Chabot records the process and cause of a death by stopping eating and drinking, which occurs by dehydration or an intervening complication. After a period of time, the individual will experience a general weakness which ‘resembles the last phase of a fatal illness but without the symptoms of pain or breathing difficulties’. After about a week without fluid intake, the kidneys stop producing urine and thus the metabolic waste products are not removed from the blood. This usually leads to drowsiness and then ultimately ‘the heart can no longer beat regularly and the person will die while asleep from a cardiac arrest’. 46 For individuals who were not in the terminal stage of an illness and stopped eating and drinking at the same time, death occurred after 7–15 days in 70% of the cases Chabot examined. In 20% of the cases, the individuals died after 16–30 days. Although death took longer to occur for these individuals (because they had stopped eating first and then gradually stopped drinking), it seemed to be a less harsh process. 47 In the remaining cases (just over 10%), death occurred over a longer period – after 31 days or more. This was because these individuals took longer to restrict their fluid intake. 48 Chabot's findings appear to tally with those of other researchers who have studied the length of the dying process where an individual stops eating and drinking concurrently. 49
The dying process in cases of stopping eating and drinking is thus a lengthy one and it is necessary to have some knowledge of the palliative care required to enable a death via this means to be ‘good’. Chabot emphasizes that ‘the day-to-day care by relatives and nursing staff is indispensable during the process’, and ‘[a] good or bad death depends to a large extent on the quality of the care offered by well prepared and informed relatives, by nurses and by GPs who have been trained in palliative care’. 50 Palliative care (such as analgesics or antipsychotics) might be required to alleviate symptoms such as anxiety, pain or confusion. 51 Thus, in order to be successful, this method of dying clearly requires assistance from others and, importantly, it is likely that at least some of this will need to be provided by a health-care professional. While, therefore, individuals who avail themselves of this option will not need to convince a medical professional that they satisfy any particular criteria relating to suffering, they will still be reliant on health care in order for the dying process to be tolerable.

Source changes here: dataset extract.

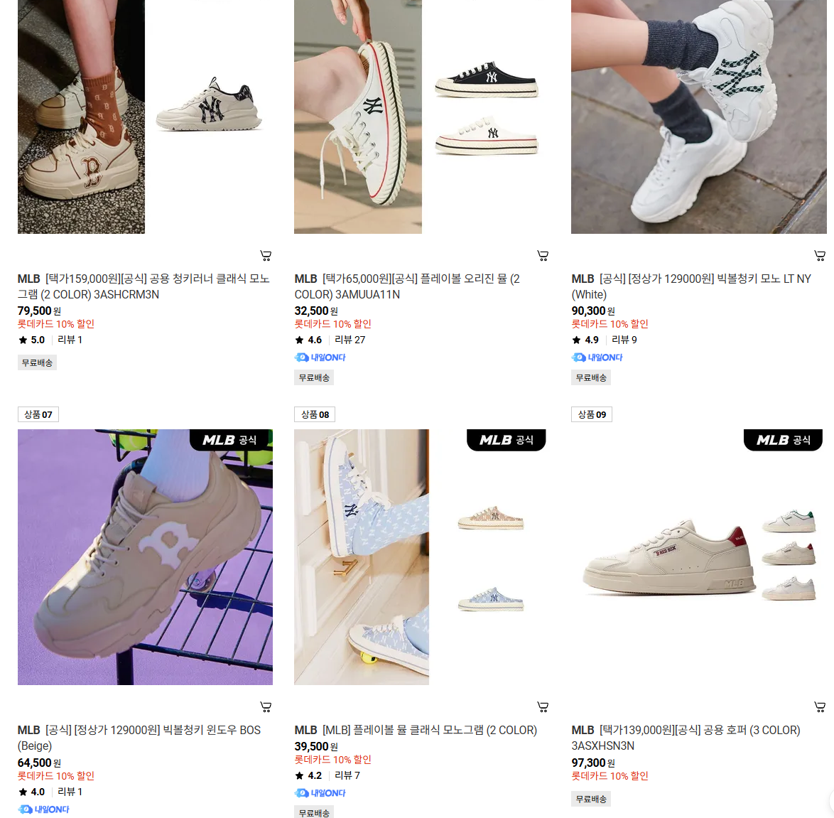 MLB 다양한 제품을 할인 판매하네요.

A common perception exists that a death by stopping eating and drinking will be an unpleasant one: ‘Many people think that stopping eating and drinking to hasten death will cause a great deal of suffering. However research… has shown that this does not necessarily have to be the case if the mouth care and any necessary pain management are administered effectively’. 52 Good mouth care is necessary to keep one of the harshest symptoms at bay (the feeling of thirst) and to prevent fungal infections. 53 According to Chabot's research, 74% of relatives and others involved in the cases he examined considered the individual's death to have been a dignified one. 54 However, he also notes that there is a need for Dutch general practitioners (GPs) to receive more training in the ‘terminal care’ that is required to better ensure that the individual's experience of the dying process is ‘as favourable as possible’. 55
At certain times during the last decade, dying by stopping eating and drinking was a prominent feature within the Dutch public debate on assisted dying. Pool reports that it attracted significant media attention between 1996 and 1998. Initially, according to Pool, it was a paper written by Chabot 56 in which he coined the phrase vertsterven to refer to a self-appointed death by stopping eating and drinking that generated interest. Although Chabot suggested that stopping eating and drinking offered individuals a method of controlling their deaths, the issue became controversial because ‘[m]any interpreted versterven as a transitive verb, i.e. a kind of killing’. 57 Consequently, the spectre of non-voluntary death raised its head, with relatives reporting that family members had been left to die via dehydration in nursing homes. While the controversy subsequently died down, it may be difficult now for stopping eating and drinking to receive a ‘good press’ in the Netherlands because of the negative connotations attached to the phenomenon during the time that it was in the media spotlight.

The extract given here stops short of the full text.